E, além de estranho, também é um tempo cruel. O “dolce fair nient” dos “felizes” membros da “melhor idade” não consome, não compra perdulariamente e, então, nada mais “justo e natural” que acabar com essa vagabundagem improdutiva. Ora... Onde já se viu?! Pois se o “bom e nobre” Consumismo capitalista apossou-se do próprio “Che” (se hay um gobierno, jo soy contra; e eu, esperrrrto, lucro com a venda de boinas, camisetas e broches para os novos revoltados), por que teria escrúpulos em não mirar noutros segmentos “oprimidos”? Imagine! Abata-se a próxima vitima!

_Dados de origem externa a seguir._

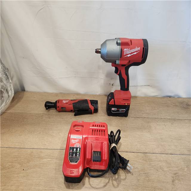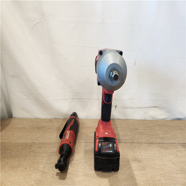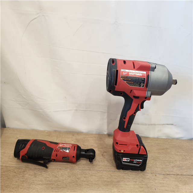 AS-IS- Milwaukee 12/18V Lithium-Ion Cordless 3/8 in. Ratchet and 1/2 in. High Torque Impact Wrench with Friction Ring Combo Kit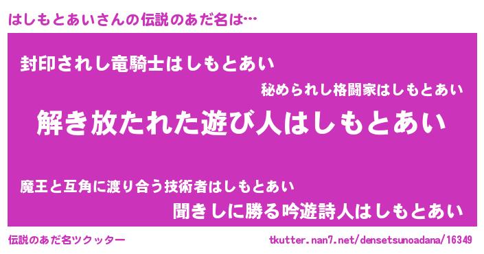 | 男性向けラノベタイトル風あだ名 | 『はしもとあいの嫁は女の子じゃないと思った?』 |

E foi assim, subliminarmente ou não, que aos velhos (as) foi negado o sagrado e conquistado direito de nada fazer; ou melhor, de só fazer aquilo que desejasse. Decidiu-se, que ele (a) tinha que ser “ativo, atuante, alegre e ‘uma gracinha, precisa ver’” para que fosse aceito pela sociedade. Afinal, o direito de não fazer nada, não gera negócios nem vendas (ops! prospecção de negócios e realização de transações [off course]).
Sim senhor (a)! Seja ativo (a) e compre viagens, roupas para os bailes da 3ª (ops) “melhor idade”, malhas para a ginástica e todos os outros penduricalhos que lhe prometem mais do que um retorno à juventude. Prometem-lhe que seus filhos e suas filhas, seus genros e suas noras; e, paralelamente, seus netos e netas os aceitarão em seu convívio.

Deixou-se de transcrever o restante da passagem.